Why Millenials in the Workplace ‘Don’t Care,’ and 4 Things You Can Do
Via Entrepreneur : I’m 30, an ex-corporate executive (at BlackBerry) and now the CEO of a business-collaboration tech startup. I know a thing or two about millennials at work because I am one; and I’ve managed several. If you are struggling with how best to engage millennials at work, read on: This piece is for you.
Throughout my experience, I’ve learned about why, sometimes, our generation doesn’t seem “to care,” and I’d like to explain to our elders what’s really going on. So, here goes. . .
1. We don’t value 20th century workplace rules.

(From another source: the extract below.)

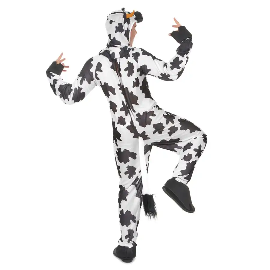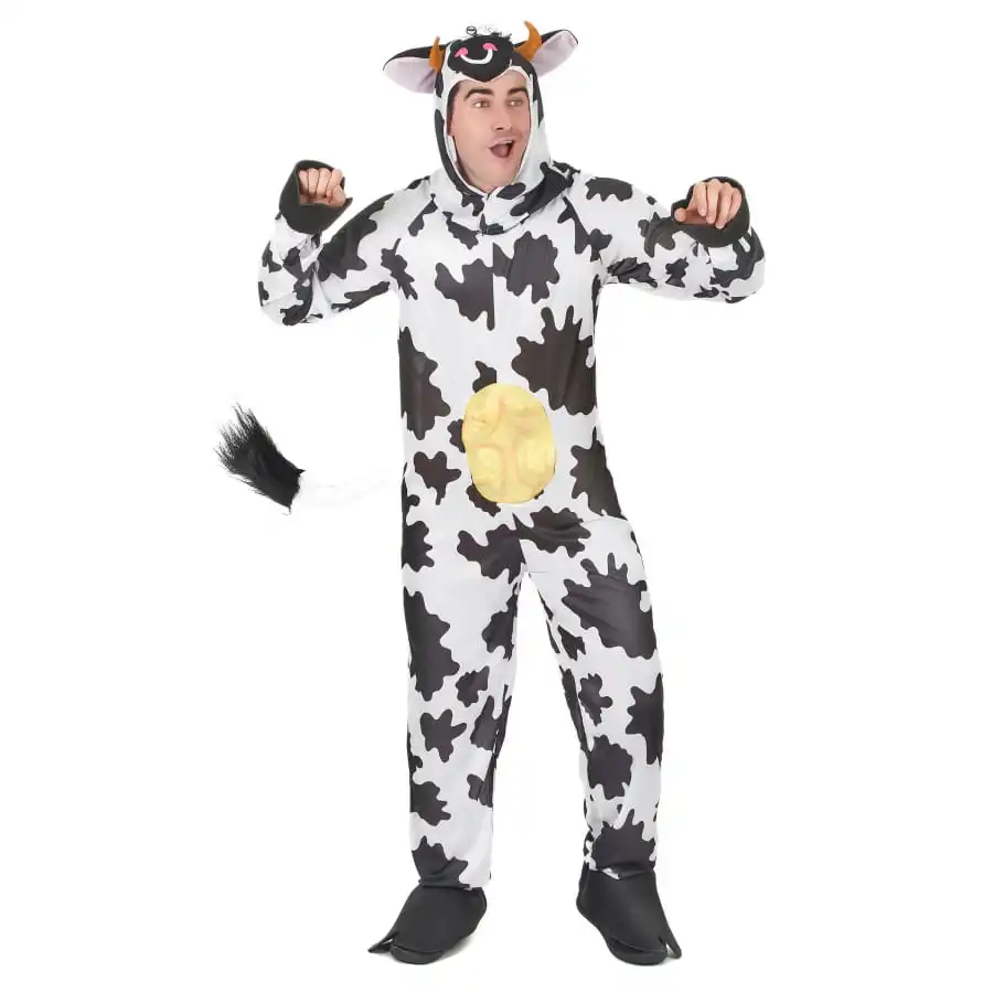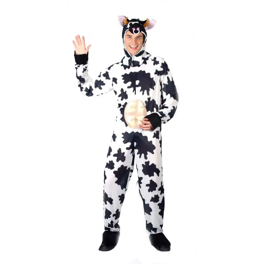 Pour rendre une soirĂ©e plus fun, choisissez de porter ce dĂ©guisement humoristique de vache pour adulte. Ici, on a une combinaison Ă manches longues, blanche tachetĂ©e de noir avec, de larges bords cĂ´tes noirs sur les poignets et les chevilles, donnant l’effet sabot. Elle est munie d’une queue blanche touffue Ă l’arrière et de fausses mamelles en plastique rose sur le ventre. Pour plus de rĂ©alisme, portez la capuche en forme de tĂŞte de vache, avec des yeux, des cornes et des oreilles, qui se referme sur le cou par un velcro, et qui laisse le visage Ă dĂ©couvert. Cet ensemble est fait d’un tissu fluide, lĂ©ger et très agrĂ©able Ă porter.

Rigid office hours? Strict dress codes? Meetings to talk about meetings? The “legacy-effect” of traditions, language that sounds like corporate-speak and outdated practices are all hard for us to stomach. If the only reason why something is done a certain way at work is that “it’s always been done that way,” you’ll lose us. We are a generation of hackers, tinkerers and shortcut takers. We want the best, most efficient and logical approach. Does your company have rules and policies “just because”?
What you can do about it. Poll the team: What policies need to go? What processes need to be improved? How can the company improve its culture?

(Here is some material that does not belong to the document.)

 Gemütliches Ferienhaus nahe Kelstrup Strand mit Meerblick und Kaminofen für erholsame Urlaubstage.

2. We don’t want to be another cog in the wheel.
We’ve been labeled the “entitled generation” and have been called many things, with varying degrees of accuracy. The bottom line, however, is that we don’t have the same value-set as our parents or grandparents. A lifelong career with a work/life balance may have been a goal for their generations but isn’t ours. We want purpose. We want meaning.
We want work that does more than pay the bills and pass the time. In a survey by Deloitte, six out of ten millennials said a sense of purpose was part of the reason they chose to work for their current employer.
What you can do about it: Tell us why we should care. Why does your company exist? How does each team member’s role contribute to that purpose? Clearly articulate this and refer back to it in daily behavior and decisions.
3. We need to have our voices heard.
Does your company culture allow for anyone to highlight a critical problem? Can the most junior person on the team share an idea to improve a product or process? Most companies fall short of engaging the entire team to solve company problems and improve innovation.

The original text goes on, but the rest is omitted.